OPINION

Fill judicial vacancies, including the one in Tennessee

Tommy Tobin

What if 5 percent of all the jobs in your workplace were left unfilled? Projects would still need to get done. Each worker would need to take up the slack for the missing employees until the posts were filled.

For the federal judiciary, this is not just a hypothetical situation — it’s a lived reality every day. With more than 40 vacant seats on the federal bench, our judicial branch is under substantial strain.

High school civics made it seem simple. Our Founding Fathers crafted a system of three branches: executive, legislative and judicial. Each of these separate branches was vested with distinct powers with which they could check and balance each other. Within this system of checks and balances, each branch is assumed to be operating at full strength to carry out the business of government.

When vacancies occur, it can hamstring the ability of branches to do their job and, by extension, check against the concentration of power in the other branches.

John Adams, writing in 1776, argued that the dignity and stability of government depended on the upright and skillful administration of justice.
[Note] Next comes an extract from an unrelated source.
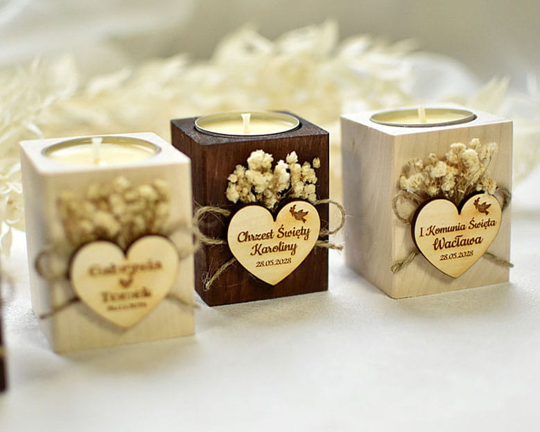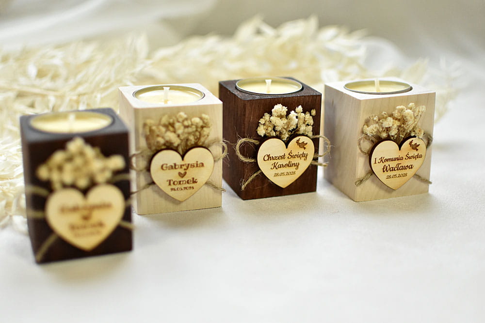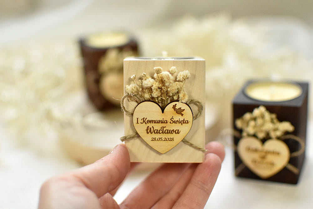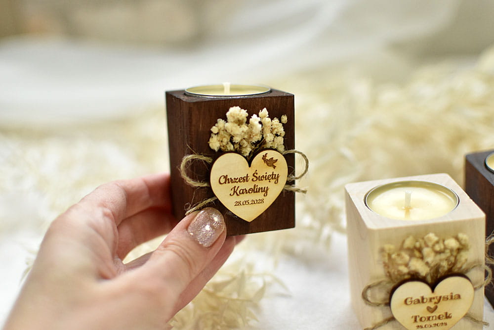 Niecodzienna pamiątka dla gości z okazji Chrztu lub Komunii Świętej - przepiękny drewniany świecznik w stylu rustykalnym. Świecznik jest ozdobiony suszonymi kwiatami gipsówki oraz serduszkiem z wygrawerowanym napisem nawiązującym do Waszej uroczystości. Dopełnieniem całej kompozycji jest pachnąca świeczka - wkład tealight wykonany przez nas z wosku sojowego. Świecznik jest pięknym ekologicznym prezentem, który przez długie lata będzie cieszyć gości. Po wypaleniu się świeczki można włożyć następny standardowy podgrzewacz.

Currently, our judicial branch is so overburdened that it has declared 12 judicial emergencies across the country. With millions of Americans living in jurisdictions with these overworked jurists, the strain of ever-expanding dockets weighs on those upon whom we rely for the skillful administration of justice.

The new Congress is currently considering 15 new judicial nominees to fill vacant seats on the federal bench.

One of those vacant seats is in Chattanooga, where the retirement of Judge Curtis Collier this past October has created an opening in the Eastern District of Tennessee. Travis Randall McDonough, Mayor Andy Burke’s chief of staff and counselor, has been nominated for the post.

A graduate of Vanderbilt Law School, McDonough practiced at Miller & Martin and headed its litigation department before his role in city government.

His credentials, like those of the other judicial nominees, ought to qualify him for the post to which he has been nominated. Unfortunately, politics may get in the way of McDonough and other qualified nominees from filling these vacancies.

Our system stands as a divided government, with a Democrat in the White House and Republicans controlling the Congress. Ideally, the administration of justice would be outside the fray of partisan fighting.

As Justice John Marshall wrote in Marbury v. Madison, it is the “province and the duty of the judiciary to say what the law is” as it upholds and interprets the Constitution.

Judicial confirmations, especially those of Supreme Court Justices, have turned into political sideshows. In the hope of scoring political points today, politicians all too often neglect to appreciate the day-to-day strains for litigants and the courts that arise from current judicial vacancies.

Like any organization, a government branch missing key personnel will operate with diminished efficiency. As dockets continue to grow, vacant judgeships mean cases may take longer to resolve. At the very least, current Article III judges and their clerks will need to work that much harder to fill the gaps left by vacant seats.

As our government relies on separate, equal branches, we should encourage the review of qualified judicial nominees based on their qualifications, not the politics of the moment.

Tennessee Senators Bob Corker and Lamar Alexander, a former mayor of Chattanooga and an attorney, respectively, should recognize the contribution that McDonough could make to the bench in East Tennessee.

Even with our divided government, let’s push our politicians to govern responsibly and consider judicial nominees on their merits.

Tommy Tobin is a 2006 graduate of the McCallie School in Chattanooga and currently attends Harvard Law School, where he is a teaching fellow in the Harvard Economics Department.